Zuletzt sind weitere Seiten entstanden, die das aktuelle politische Geschehen kommentieren, beispielsweise David Bergers Philosophia Perennis oder der AfD-nahe Deutschland Kurier. Aber auch klassische Medien bleiben wichtig, weil sie den „Rohstoff“ liefern, auf dem die Beiträge der extrem rechten PropagandistInnen basieren, und als Referenz dienen. Besonders häufig wird von der deutschen extremen Rechten auf konservative Medien wie Die Welt und Focus, die russischen Staatssender RT Deutsch und Sputnik News sowie die ursprünglich von Anhänger_innen der chinesischen Sekte Falung Gong gegründete Epoch Times verwiesen. Hier existieren die größten politischen Übereinstimmungen, insbesondere beim Thema Migration.

Echokammern und Filterblasen

Die wichtigsten Kanäle zur Verbreitung extrem rechter Inhalte sind mittlerweile aber soziale Netzwerke wie Facebook, Twitter und YouTube.
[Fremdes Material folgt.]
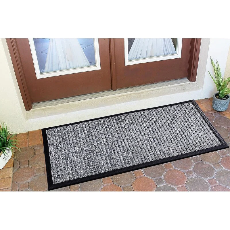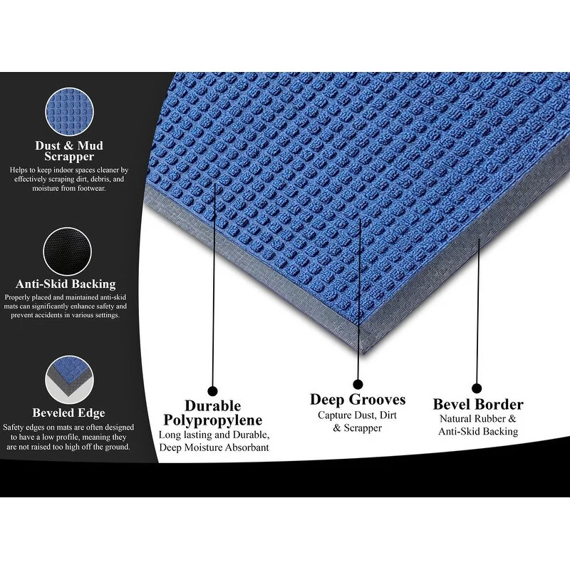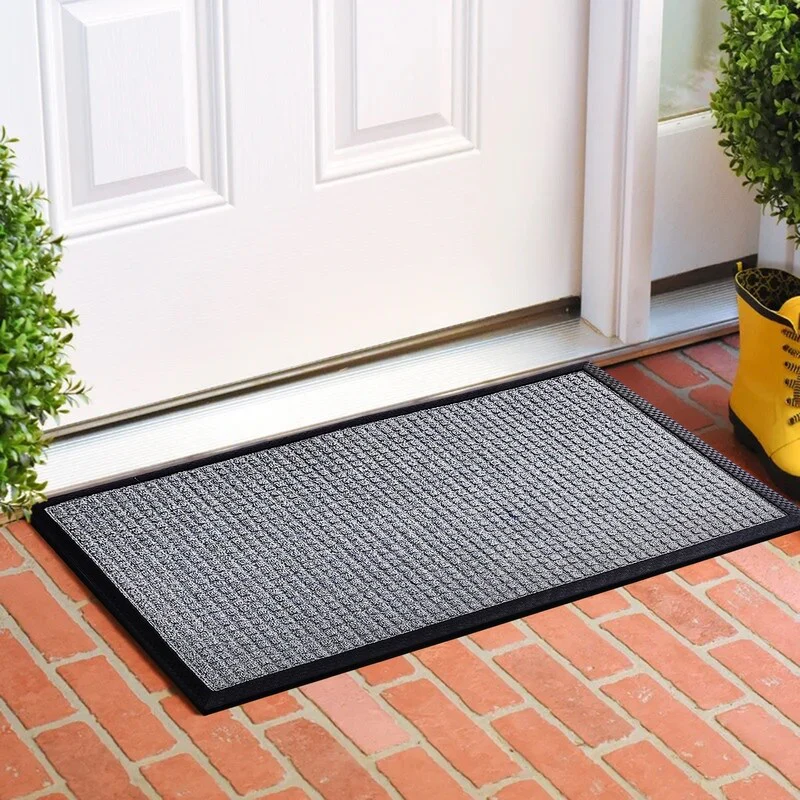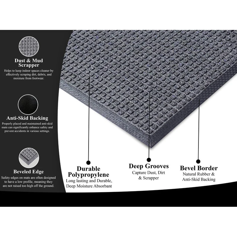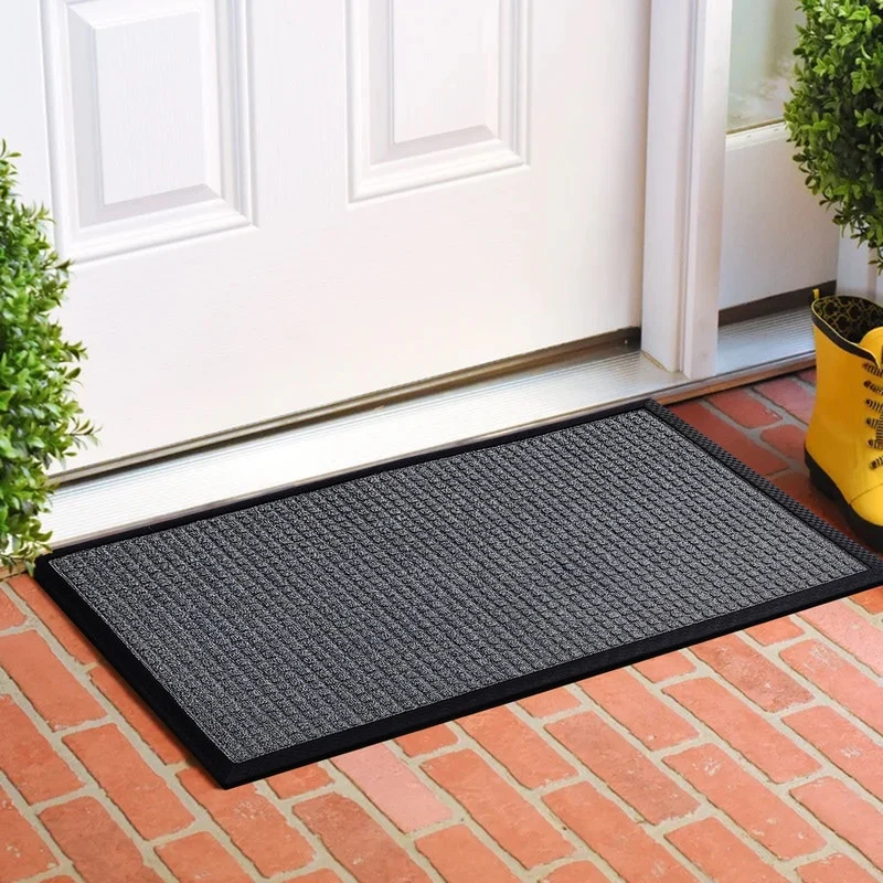 PREMIUM QUALITY MATERIALS: Crafted from high-grade polypropylene and rubber, our rubber door mats are built to withstand heavy foot traffic and outdoor elements without losing their shape or functionality. Easily Captures dirt debris and moisture.

Auch die vielfach zitierten „Echokammern“ und „Filterblasen“ sind Ausdruck selbst geschaffener Gegenöffentlichkeiten. Sie entstehen im Wesentlichen durch die Möglichkeit, selbst Inhalte zu veröffentlichen und diese massenhaft vornehmlich unter Gleichgesinnten zu teilen und zu diskutieren. Dadurch entsteht eine Dynamik, die mangels Gegenrede, Kritik und Reflexion maßgeblich auf der Bestätigung des eigenen Standpunktes und dessen Zuspitzung basiert.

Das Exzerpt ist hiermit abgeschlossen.